9. 20K Hidden Token Inflation CRITICAL

Since v2.1.100, Claude Code injects ~20,000 invisible tokens into every API call. These tokens don't appear in your input but are billed as cache_creation_input_tokens — a 40% cost overhead you can't see or control. With 196 reactions, this is the most-upvoted token issue on GitHub. #46917 (196👍, 35 comments)

Impact: The hidden tokens also dilute your CLAUDE.md instructions — the model "sees" 20K tokens of system content before your actual instructions, reducing their effectiveness.

10. cache_read Billed at Full Rate CRITICAL

Multiple users report that cache_read_input_tokens are being billed at the full input rate instead of the discounted cache rate. One user went from 190M tokens over 5 hours (Opus 4.6) to hitting the limit at 30M tokens in 2 hours (Opus 4.7). Anthropic support acknowledged the pricing "doesn't match documentation." #49302

Impact: Max plan ($100/month) users burn through their quota 3-6x faster than expected. Combined with the 1.7x token inflation (#49356), some users exhaust daily limits within an hour.

11. Permission Mode Resets on Model Switch HIGH

Switching models via /model silently resets your permission mode to the default.
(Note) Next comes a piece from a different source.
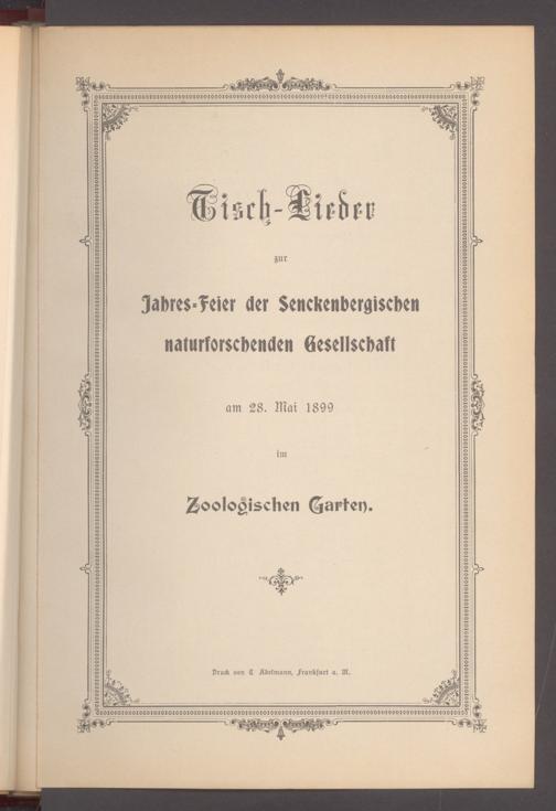V176 Senckenberg Gesellschaft für Naturforschung, 497 - Eintrittskarten, Lieder- und Programmhefte sowie Speisekarten von Jahresfeiern, Doktorjubiläen und der Feier zur Eröffnung des Museums
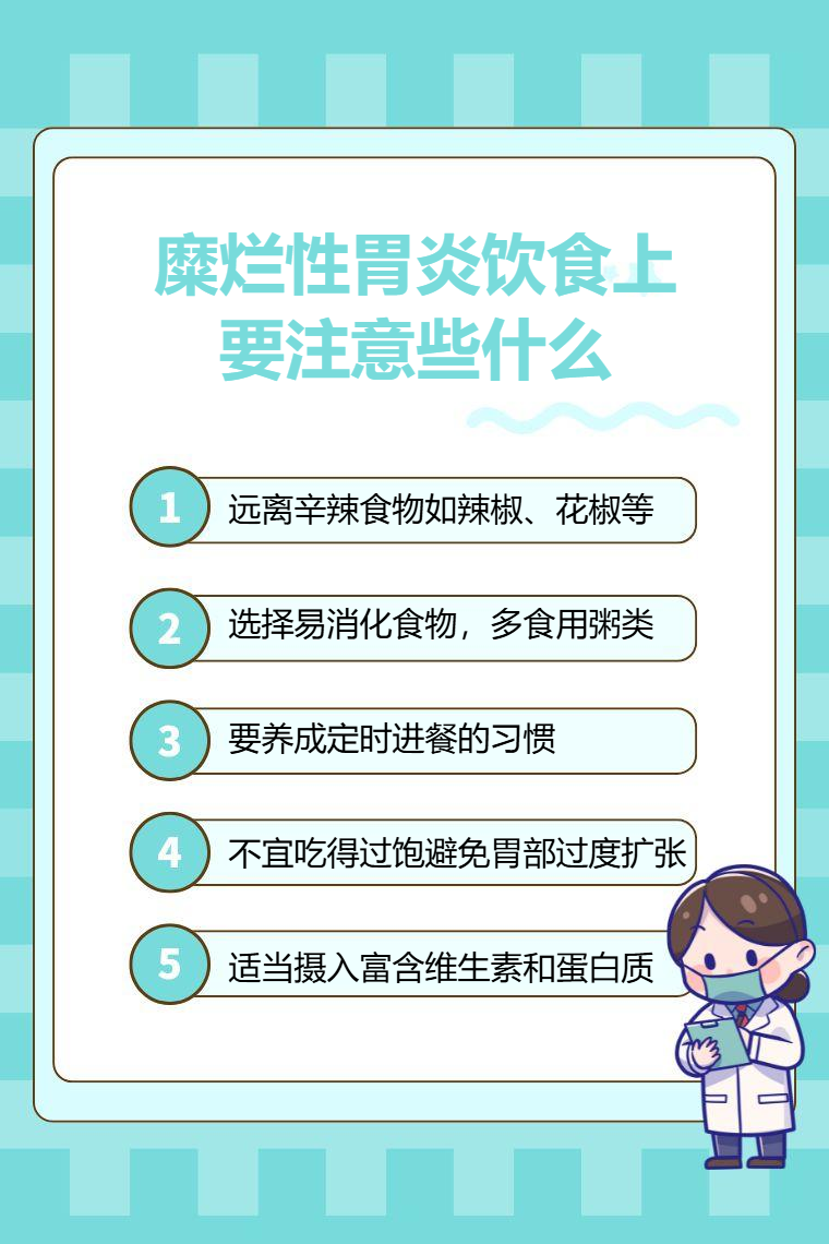 糜烂性胃炎饮食上要注意避免刺激性食物、选择易消化食物、规律进食、控制食量、补充营养等。

If you were running in a restricted mode, the switch removes that protection without warning. #50201

12. Context Usage UI Shows Wrong Percentage MEDIUM

The context usage indicator can dramatically under-report actual token consumption. One user observed their UI showing 60% while actual usage was 1,244,198 tokens — 124% of the 1M context window. Auto-compact fires without warning because the UI never showed the real number. #50204

13. Git Credentials Overwritten CRITICAL

Claude Code can overwrite your ~/.gitconfig credential helper, replacing your working GitHub authentication with a broken configuration. After this happens, git push fails with authentication errors and you need to manually reconfigure. #50232

# Quick check: verify your credentials are intact
gh auth status
git config --global credential.helper

14. macOS Case-Insensitive Path Destruction CRITICAL

On macOS with APFS (case-insensitive by default), Claude Code's path resolution can confuse MyProject and myproject, leading to catastrophic data loss. Two users lost 10+ years of projects within 48 hours of each other. #48792

# Check if you're vulnerable
diskutil info / | grep "File System Personality"
# If it shows "Case-sensitive" you're safe. Otherwise, install the guard.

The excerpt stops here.